▶ [Exercise details]: Every entry should come back exactly as written, minus the pictures.

[Records from a dataset]
□ □ □ □
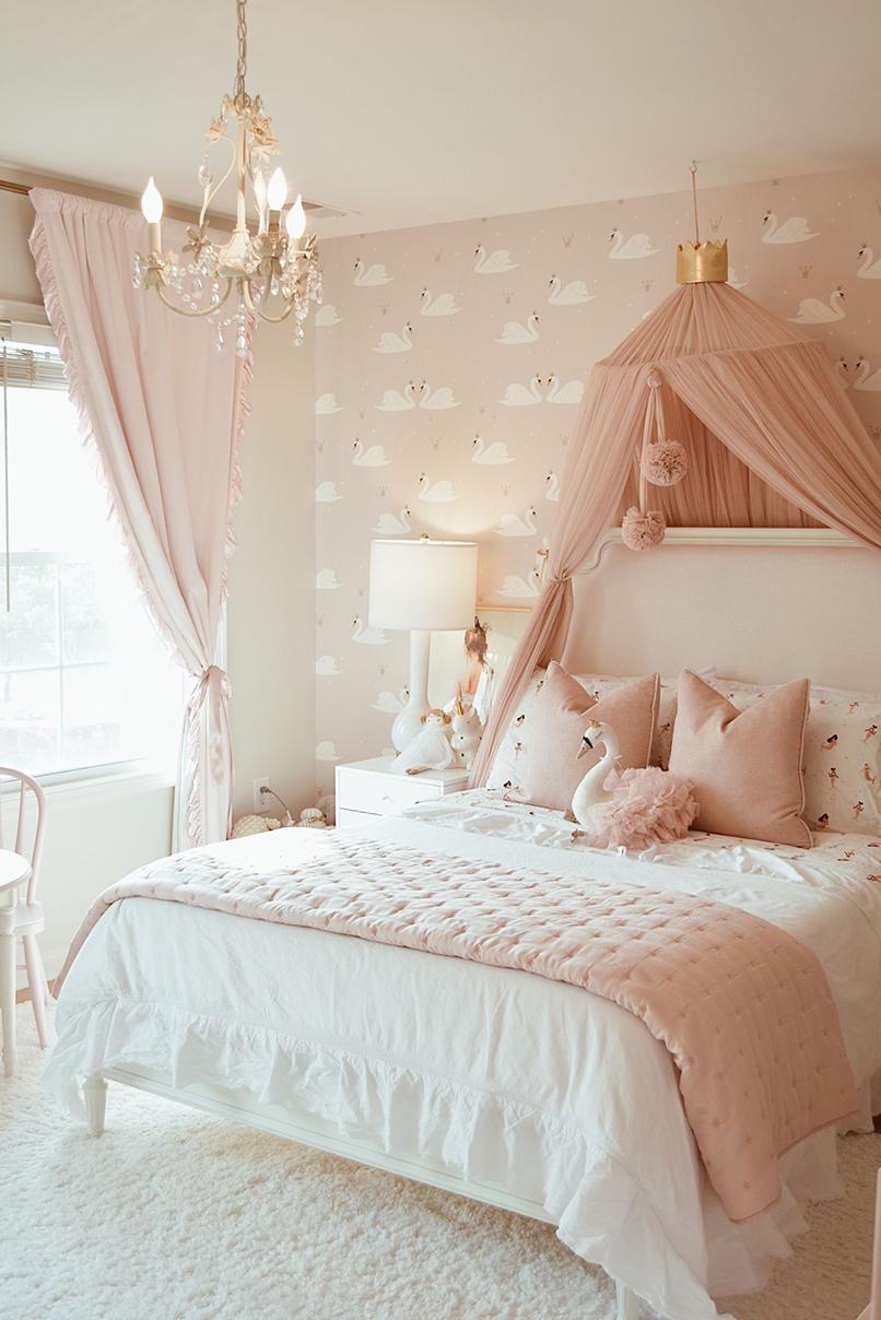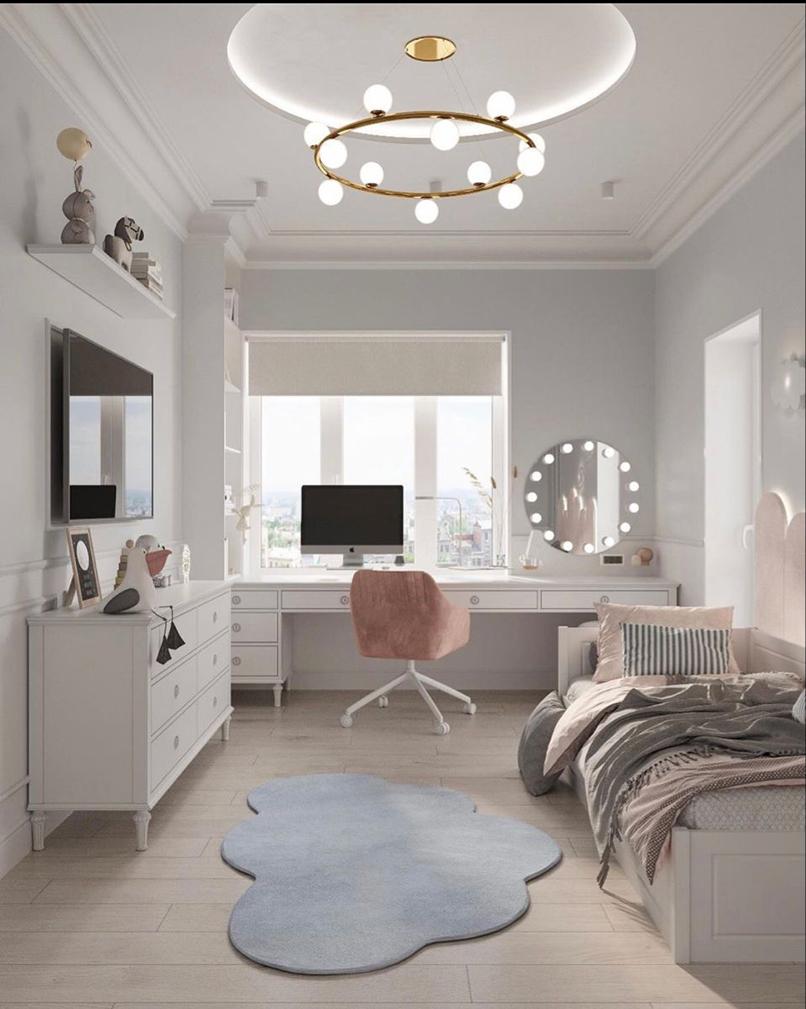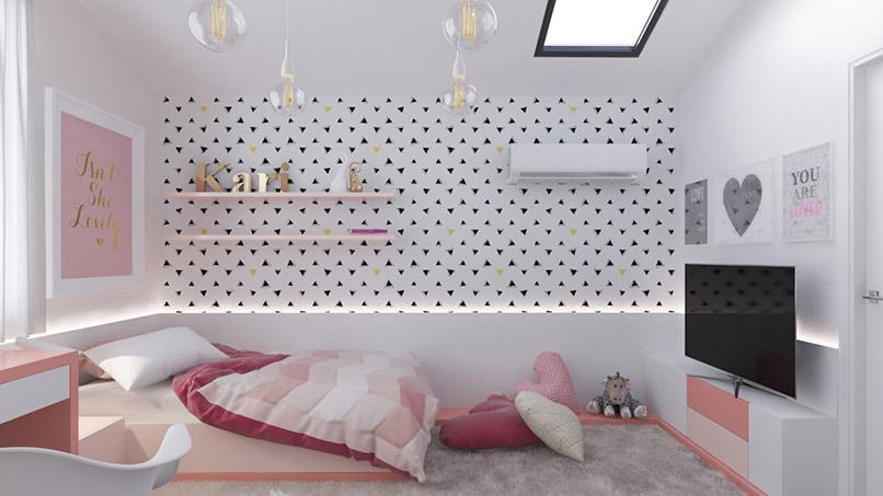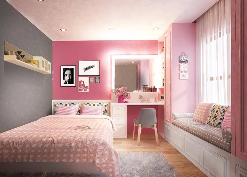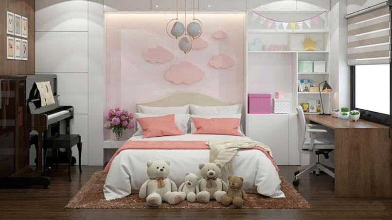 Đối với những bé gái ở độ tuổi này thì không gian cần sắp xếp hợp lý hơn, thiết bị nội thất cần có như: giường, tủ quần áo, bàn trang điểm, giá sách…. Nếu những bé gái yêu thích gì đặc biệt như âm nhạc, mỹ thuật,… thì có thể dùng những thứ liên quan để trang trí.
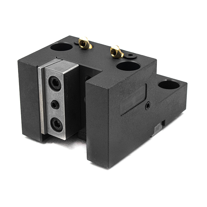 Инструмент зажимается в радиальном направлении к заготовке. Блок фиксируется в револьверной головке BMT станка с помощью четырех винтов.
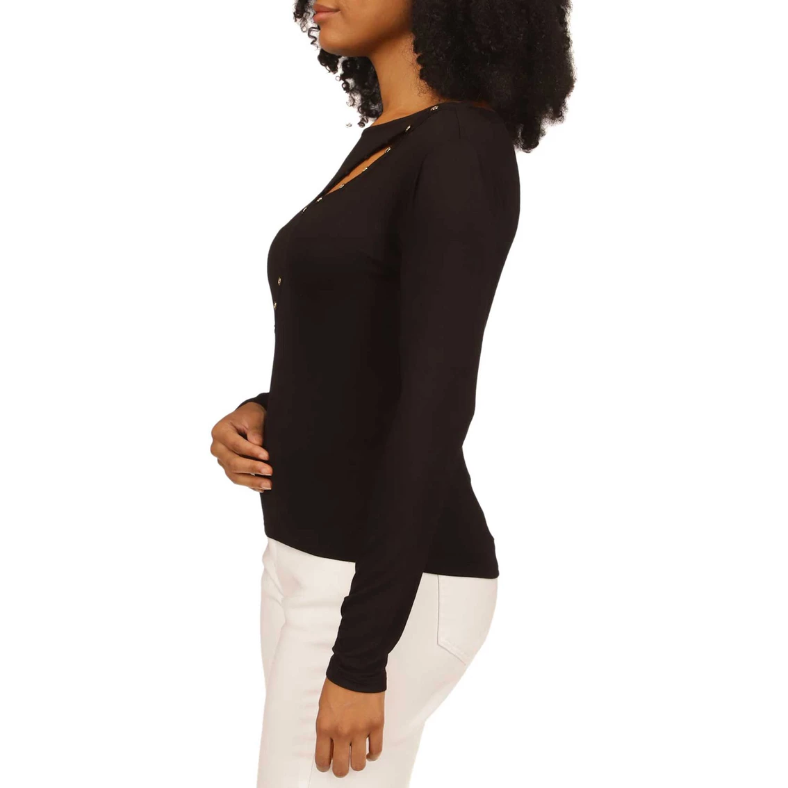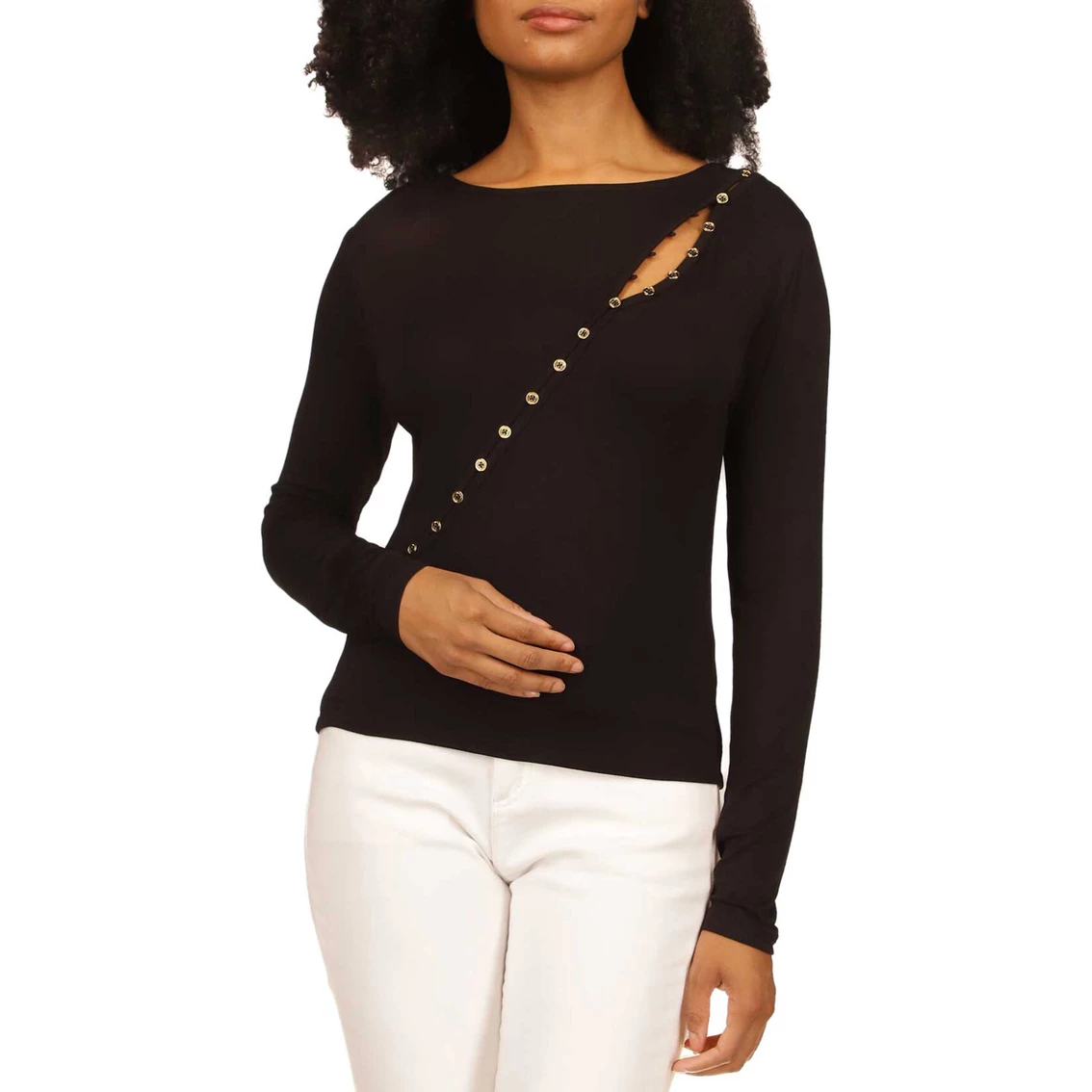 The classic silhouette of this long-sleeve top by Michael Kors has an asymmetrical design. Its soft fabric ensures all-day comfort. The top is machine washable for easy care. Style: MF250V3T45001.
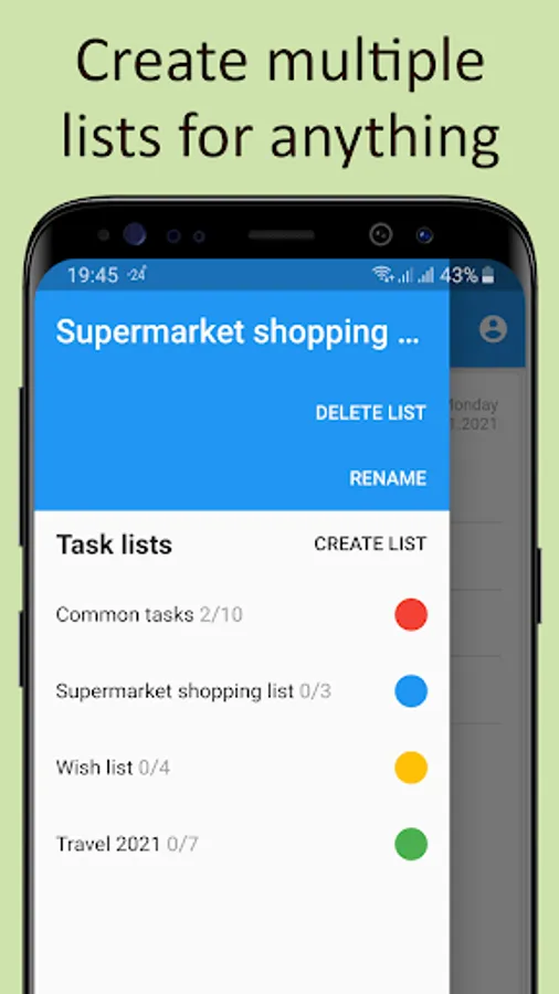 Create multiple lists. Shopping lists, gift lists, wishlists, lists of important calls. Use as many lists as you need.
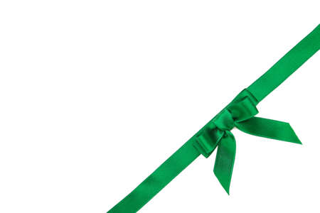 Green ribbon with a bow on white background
□ □ □ □
▶ [Solution to this problem]:
 Đối với những bé gái ở độ tuổi này thì không gian cần sắp xếp hợp lý hơn, thiết bị nội thất cần có như: giường, tủ quần áo, bàn trang điểm, giá sách…. Nếu những bé gái yêu thích gì đặc biệt như âm nhạc, mỹ thuật,… thì có thể dùng những thứ liên quan để trang trí.
 Инструмент зажимается в радиальном направлении к заготовке. Блок фиксируется в револьверной головке BMT станка с помощью четырех винтов.
 The classic silhouette of this long-sleeve top by Michael Kors has an asymmetrical design. Its soft fabric ensures all-day comfort. The top is machine washable for easy care. Style: MF250V3T45001.
 Create multiple lists. Shopping lists, gift lists, wishlists, lists of important calls. Use as many lists as you need.
 Green ribbon with a bow on white background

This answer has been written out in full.